## How to complete this task:
Once you find the line with "These are trusses", transcribe it and all the lines that follow to the end of the data, exactly as written; skip any pictures.

## Data records:
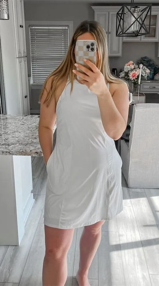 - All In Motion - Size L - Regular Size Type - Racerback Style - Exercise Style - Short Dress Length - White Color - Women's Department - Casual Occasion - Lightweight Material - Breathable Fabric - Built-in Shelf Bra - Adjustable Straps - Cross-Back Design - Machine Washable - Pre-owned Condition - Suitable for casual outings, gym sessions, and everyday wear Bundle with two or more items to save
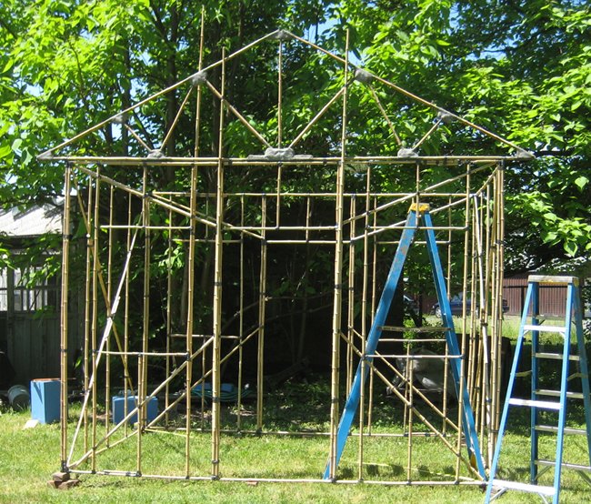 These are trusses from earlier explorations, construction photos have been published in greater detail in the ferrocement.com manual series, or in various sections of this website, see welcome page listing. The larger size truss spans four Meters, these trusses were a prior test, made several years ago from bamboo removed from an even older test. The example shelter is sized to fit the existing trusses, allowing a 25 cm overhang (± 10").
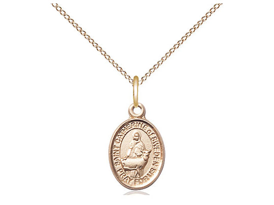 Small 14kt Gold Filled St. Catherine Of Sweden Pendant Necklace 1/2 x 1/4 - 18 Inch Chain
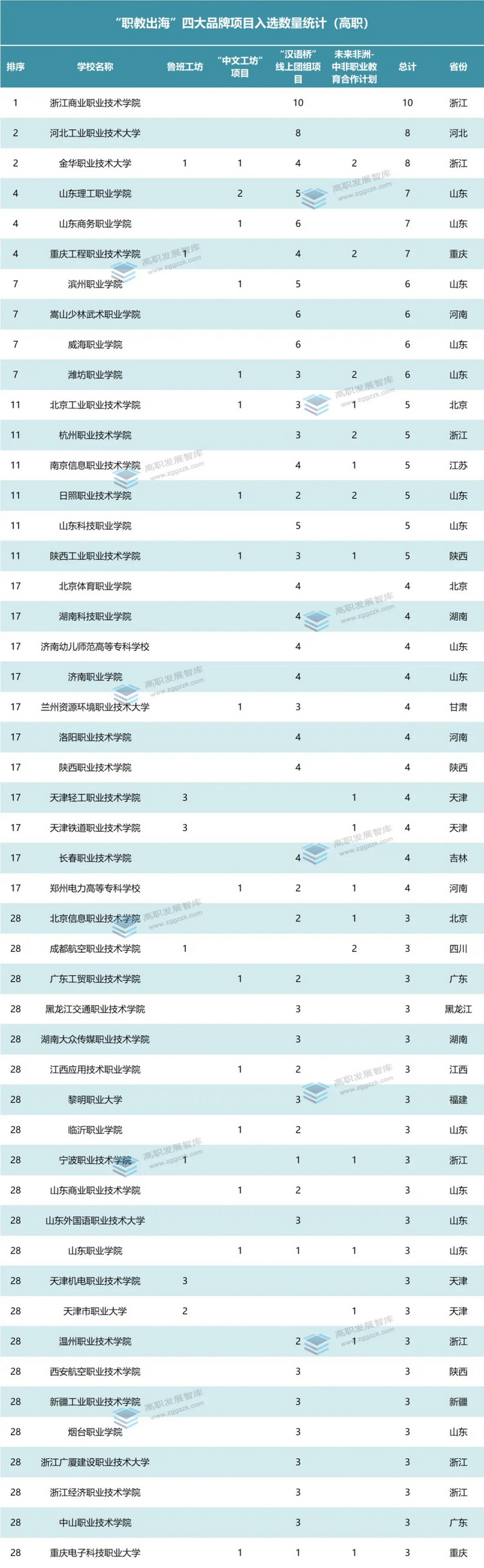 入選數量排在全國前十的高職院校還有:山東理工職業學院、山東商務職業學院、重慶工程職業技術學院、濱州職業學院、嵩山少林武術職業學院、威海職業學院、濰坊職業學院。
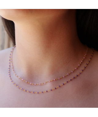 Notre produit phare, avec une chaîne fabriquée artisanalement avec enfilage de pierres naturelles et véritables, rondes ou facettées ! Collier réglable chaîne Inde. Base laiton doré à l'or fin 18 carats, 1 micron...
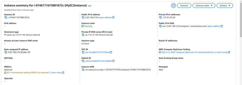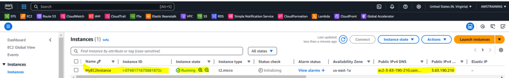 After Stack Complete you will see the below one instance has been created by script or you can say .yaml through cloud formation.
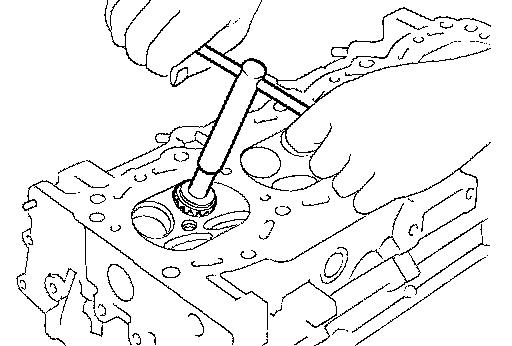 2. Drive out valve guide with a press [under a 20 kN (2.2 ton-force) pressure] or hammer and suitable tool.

## Response area:
 These are trusses from earlier explorations, construction photos have been published in greater detail in the ferrocement.com manual series, or in various sections of this website, see welcome page listing. The larger size truss spans four Meters, these trusses were a prior test, made several years ago from bamboo removed from an even older test. The example shelter is sized to fit the existing trusses, allowing a 25 cm overhang (± 10").
 Small 14kt Gold Filled St. Catherine Of Sweden Pendant Necklace 1/2 x 1/4 - 18 Inch Chain
 入選數量排在全國前十的高職院校還有:山東理工職業學院、山東商務職業學院、重慶工程職業技術學院、濱州職業學院、嵩山少林武術職業學院、威海職業學院、濰坊職業學院。
 Notre produit phare, avec une chaîne fabriquée artisanalement avec enfilage de pierres naturelles et véritables, rondes ou facettées ! Collier réglable chaîne Inde. Base laiton doré à l'or fin 18 carats, 1 micron...
 After Stack Complete you will see the below one instance has been created by script or you can say .yaml through cloud formation.
 2. Drive out valve guide with a press [under a 20 kN (2.2 ton-force) pressure] or hammer and suitable tool.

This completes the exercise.